Raw data Start Marker

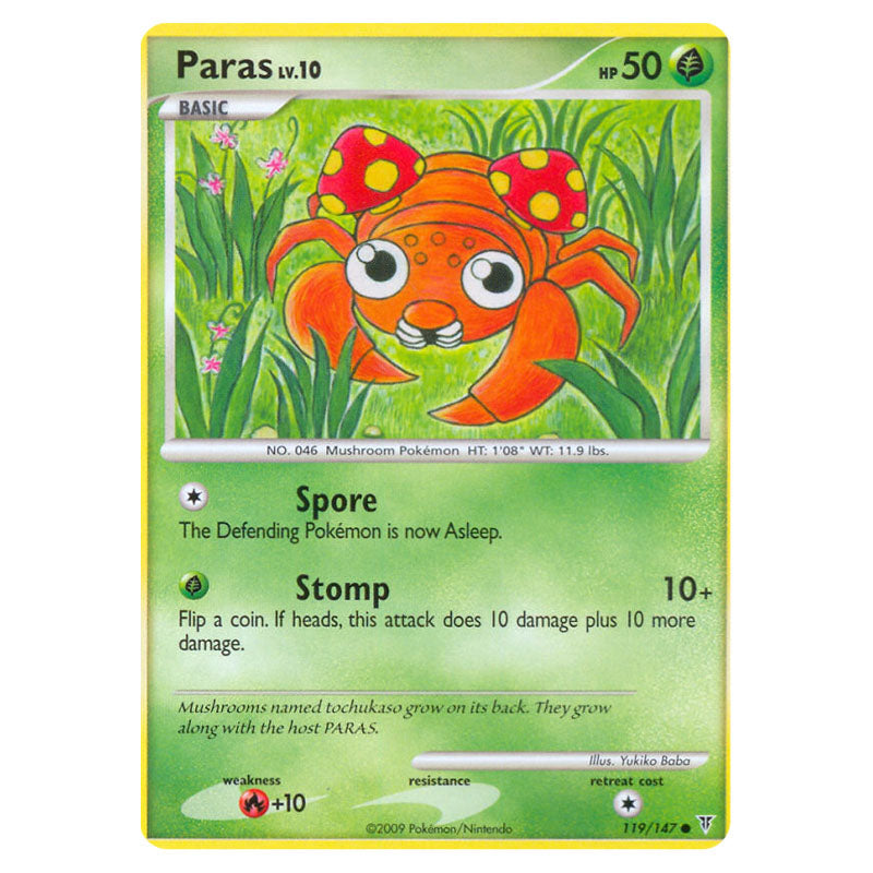 Paras is a Common (Basic) 50 type Pokémon card from PL3 - Supreme Victors (119/147)
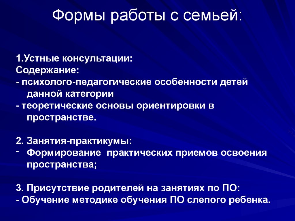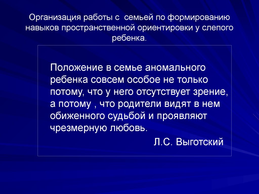 Организация работы с семьей по формированиюнавыков пространственной ориентировки у слепого
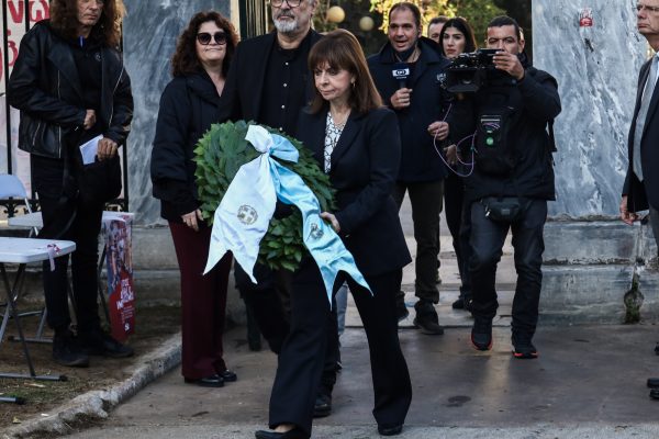 Η Πρόεδρος της Δημοκρατίας Κατερίνα Σακελλαροπούλου κατέθεσε στεφάνι σήμερα το πρωί στο Πολυτεχνείο για τον εορτασμό της 49ης επετείου από την εξέγερση κατά της δικτατορίας των συνταγματαρχών.
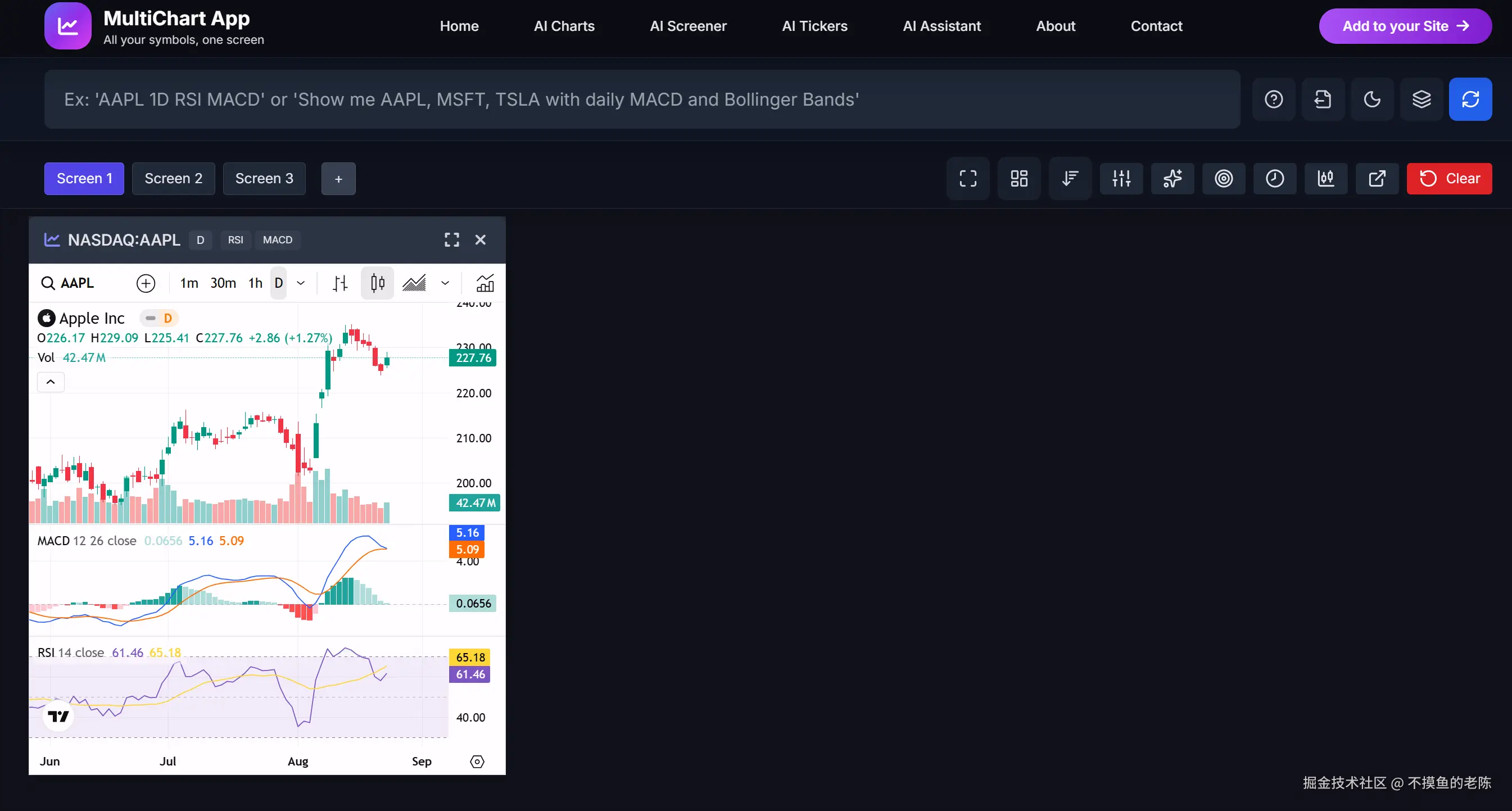 MultiChart 是一款免费的 AI 驱动的多图表生成器,用户可以通过自然语言轻松创建自定义交易图表仪表板,帮助发现市场趋势和相关性。

Raw data End Marker

Your instructions — Begin at the line with "Η Πρόεδρος της" and end at the last line of the data above. Reproduce those lines exactly, but not the pictures.

Finished task —
 Η Πρόεδρος της Δημοκρατίας Κατερίνα Σακελλαροπούλου κατέθεσε στεφάνι σήμερα το πρωί στο Πολυτεχνείο για τον εορτασμό της 49ης επετείου από την εξέγερση κατά της δικτατορίας των συνταγματαρχών.
 MultiChart 是一款免费的 AI 驱动的多图表生成器,用户可以通过自然语言轻松创建自定义交易图表仪表板,帮助发现市场趋势和相关性。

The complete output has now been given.